College transfer students are required to have a minimum cumulative average of "B" or better in an acceptable one-year certificate (General Arts and Sciences, Pre-Health Science, Human Services Foundation) or completed diploma. College transfer students may earn up to a maximum of five transfer credits. Individual courses must have a minimum achievement of 60% to be considered for transfer credit.

King’s projects a minimum 65% for admission for students transferring from another Canadian University. A maximum of ten transfer credit may be granted. Individual courses must have a minimum achievement of 60% to be considered for transfer credit.

Programs Offered

For students with a keen interest in English, Philosophy and History, please check out our limited entry first year program: Foundations in The New Liberal Arts for a comprehensive interdisciplinary approach.

The study of literature is a way to encounter, understand, and critique our world.  Literature presents us with new worlds and unknown others—both human and non-human. In these encounters, we confront, reshape, and grapple with important questions about what it means to be human, live in communities, form identities, and create meaningful and good lives.

This course will take up these fundamental questions—about our world, our relationships with others, our various identities—and  investigate the ways literature helps us to see beyond our limits.

We’ll pay careful attention to how texts speak, and develop our own skills of critical analysis, communication, and academic research. We will also pay attention to each other. Class discussion and in-class work will further our ability to form arguments, register and explore our reactions to texts, and speak with integrity in a respectful and engaged community.

In addition to focusing on essential elements of literary study, this course will concentrate on intertextuality—the various ways that texts relate and speak to one another across genres and time periods.  For instance, we’ll think about and compare epic journeys of struggle and return (in Homer’s The Odyssey) to more contemporary searches for identity and belonging  in Alison Bechdel’s graphic novel  Fun Home:  A Family Tragicomic; we’ll trace sexualities, identities, and thoughts about the body in texts such as Ovid’s Metamorphoses and Jeanette Winterson’s Written on the Body ; and we’ll consider how catharsis—the cleansing of emotions—works both in Greek tragedy and in contemporary versions of entertainment, such as in the reality television portrayed in The Hunger Games.

This is a course about two things: storytelling, and learning to be analytical about it, on the one hand, and expressing oneself eloquently once one has acquired these analytical skills, on the other.

Why are they important? Well, storytelling is as central to being human as anything else is: speech, tool-making, upright posture, all the various features that have been put forward, at one time or another, as “distinctively human.” As Peter Brooks puts it, “Our lives are ceaselessly intertwined with narrative….  We live immersed in narrative, recounting and reassessing the meaning of our past actions, anticipating the outcome of our future projects, situating ourselves at the intersection of several stories not yet completed.” Storytelling is, as philosophers like to say “constitutive of our identities”; that is, we make sense of ourselves, and we communicate what kind of people we are, through stories. What could be more important, then, than learning how the best storytellers have told their stories? Reading Homer and Austen and Dickens and Tolstoy and Joyce gives us a firmer grasp not just of technical storytelling techniques but of our own selfhood, our own capacity for moral choices and fine discriminations. For centuries, narrative has seduced us into morality as well as sociability. From the epics of blind or anonymous storytellers, through medieval religious narratives, to the novel and the film, and finally to the (as yet) largely untheorized narratives typical of the age of Facebook and other social media, narrative has been our teacher and guide. What could be more important, then, than to pay attention to these shaping forms of narrative?

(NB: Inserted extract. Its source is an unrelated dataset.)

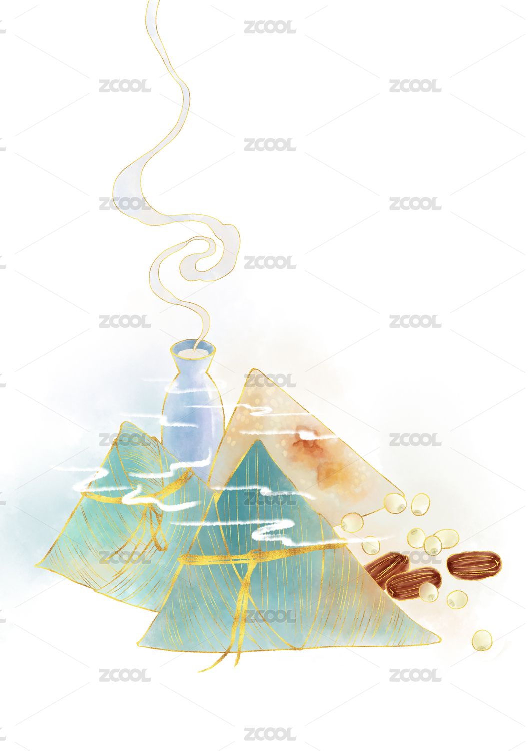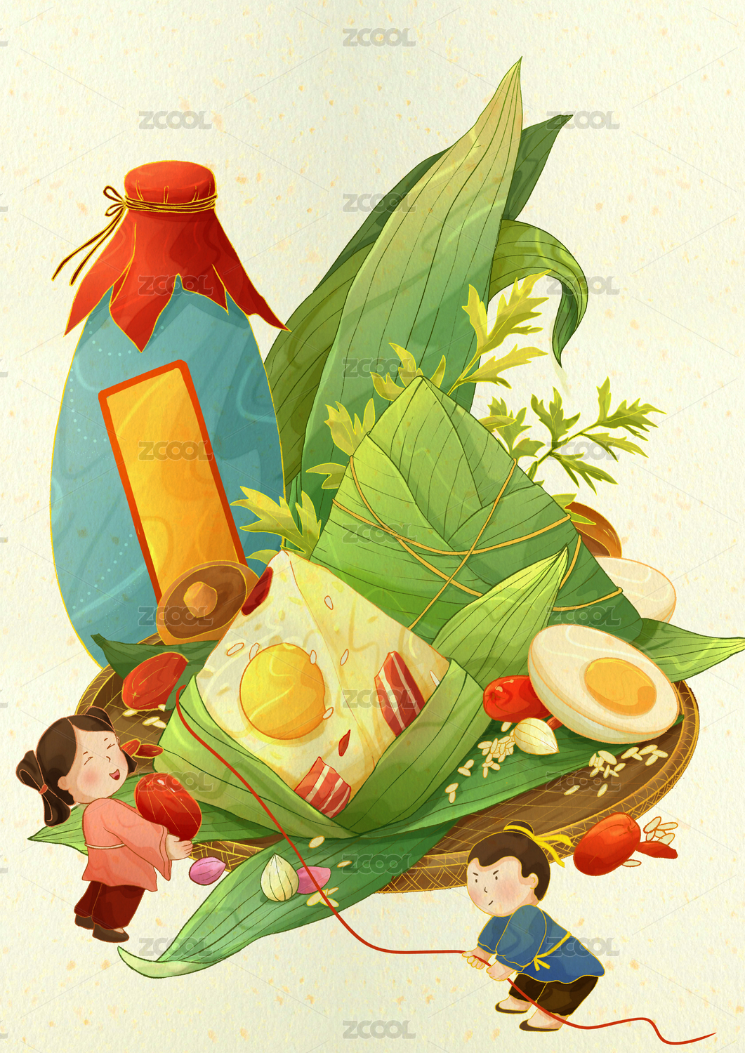 中国端午节龙舟粽子雄黄酒国风插画大图

The other aspect of the course is just as important: expressiveness, articulateness, eloquence. It is precisely these skills that are most in demand in the world outside the academic humanities. A good English course teaches you to think well, and to express yourself well. I firmly believe that English departments are the true heirs of the classical discipline of rhetoric, the art of persuasion. Here, if anywhere in the university, there is an emphasis not only on what you say (or write) but how you say it (or write it). In an age in which social media, paradoxically, may intensify “connectivity” while paralyzing actual face-to-face verbal and communicative skills, it often falls to English courses to take up where rhetoric left off. It is in courses such as this one that students learn to organize their thoughts, take up a position in a debate, express themselves clearly, politely and eloquently, and participate in the unending adventure of human intellectual inquiry.

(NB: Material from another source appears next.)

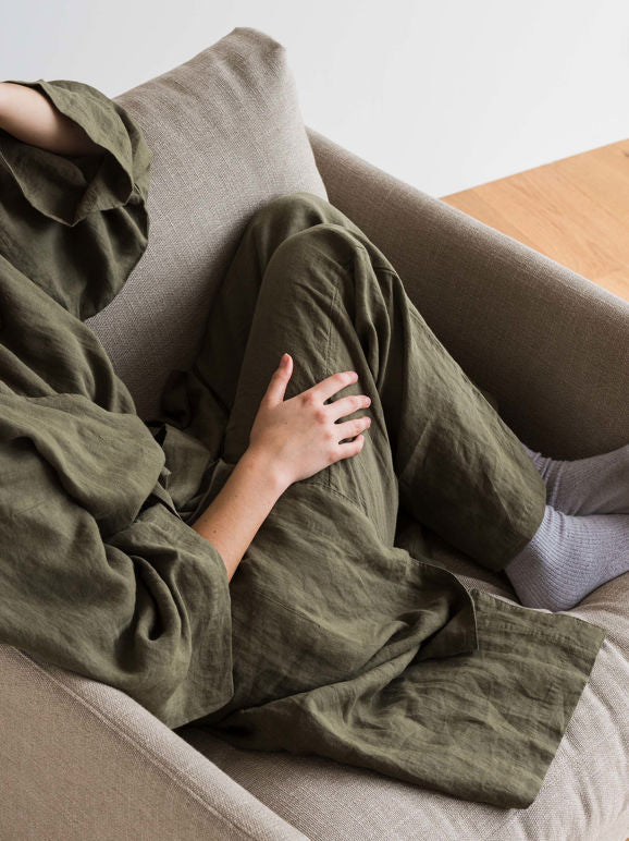 Relax at home in our 100% linen loungewear. Made from OEKO-TEX certified flax linen sourced from Belgium and France.

Is the Internet making us smarter or stupider? Have we sacrificed in-depth analysis for informational breadth? This two-part linked course investigates the impact of new technologies on the storyteller’s art. If storytelling defines who we are and how we relate to the world, what is the status of storytelling in a digital age? What are the effects of technology on our reading practices and our writing practices? More broadly, ENG1027/8 examines the relevance of the liberal arts as a discipline in an increasingly technocratic world.

The first half of this course (1027) explores the rich and diverse traditions of storytelling, from oral tales and short stories to classic fiction and the graphic novel, with an emphasis on developing strong analytical and writing skills. Particular attention is placed on the fundamentals of narrative theory: plot, point-of-view, focalization, persona, and the roles of the author, narrator, and reader.

The second half of this course (1028) focuses on digital story-telling and the extent to which the fundamentals of storytelling have been abandoned, transformed, and/or retained by new digital media. We will consider examples of online collaborative story-telling, Facebook as life writing, tweeting and blogging as critical engagement, YouTube/Vimeo as self-publication, and interactive fiction-games such as 999: Nine Hours, Nine Persons, Nine Doors and Digital: A Love Story to ask how new digital technologies have radically transformed storytelling, for better or for worse, into a widely accessible platform for self expression.

Shakespeare remains one of the most influential of English writers. This course studies twelve plays across a range of genres. Instructors may integrate theatre-oriented exercises and/or other dramatic or non-dramatic material, depending on individual emphasis. When possible, the teaching program will include an autumn theatre trip.

English graduates are prepared for a variety of professions. In the fast-paced and changeable career dynamics of the 21st century, the skills learned in reading literary and critical texts are basic to success in our knowledge-based economy.

In January 2010, The New York Times, investigating changes at the University of Toronto’s Rotman School of Management, reported on a "radical idea in business education: that students needed to learn how to think critically and creatively every bit as much as they needed to learn finance or accounting. More specifically, they needed to learn how to approach problems from many perspectives and to combine various approaches to find innovative solutions."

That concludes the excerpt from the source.